* Try it
Give back, word for word, the lines in the listing below from the one holding "A 18,7 B 16,4 C 9,1x5 F 12,2 G 8 H 8,9" down to the one holding "Santa with Birdhouse", both ends included.

* Available records
──────────

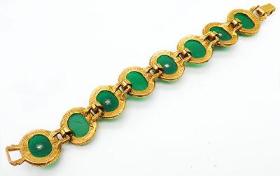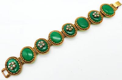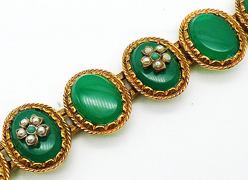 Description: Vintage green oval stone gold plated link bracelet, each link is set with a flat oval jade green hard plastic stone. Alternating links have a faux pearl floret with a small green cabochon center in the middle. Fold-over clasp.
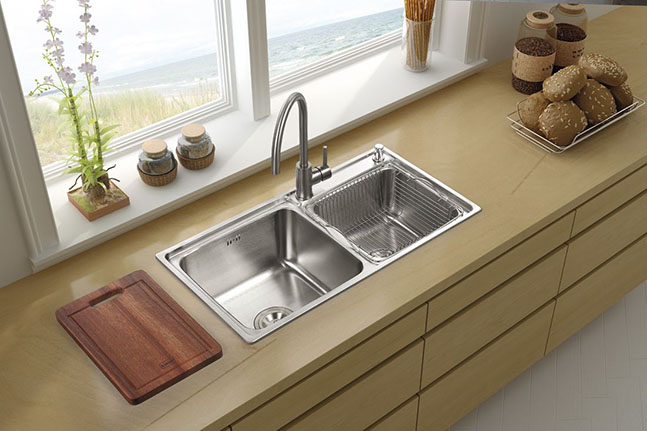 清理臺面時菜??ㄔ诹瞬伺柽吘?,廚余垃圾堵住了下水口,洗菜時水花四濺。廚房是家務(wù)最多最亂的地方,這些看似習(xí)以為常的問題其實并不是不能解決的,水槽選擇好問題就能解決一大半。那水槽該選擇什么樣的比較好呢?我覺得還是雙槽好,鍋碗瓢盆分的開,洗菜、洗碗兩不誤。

──────────

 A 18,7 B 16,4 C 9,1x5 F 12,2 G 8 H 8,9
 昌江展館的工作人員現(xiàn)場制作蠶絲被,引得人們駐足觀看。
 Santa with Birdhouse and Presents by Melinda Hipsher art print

──────────

* Your response
 A 18,7 B 16,4 C 9,1x5 F 12,2 G 8 H 8,9
 昌江展館的工作人員現(xiàn)場制作蠶絲被,引得人們駐足觀看。
 Santa with Birdhouse and Presents by Melinda Hipsher art print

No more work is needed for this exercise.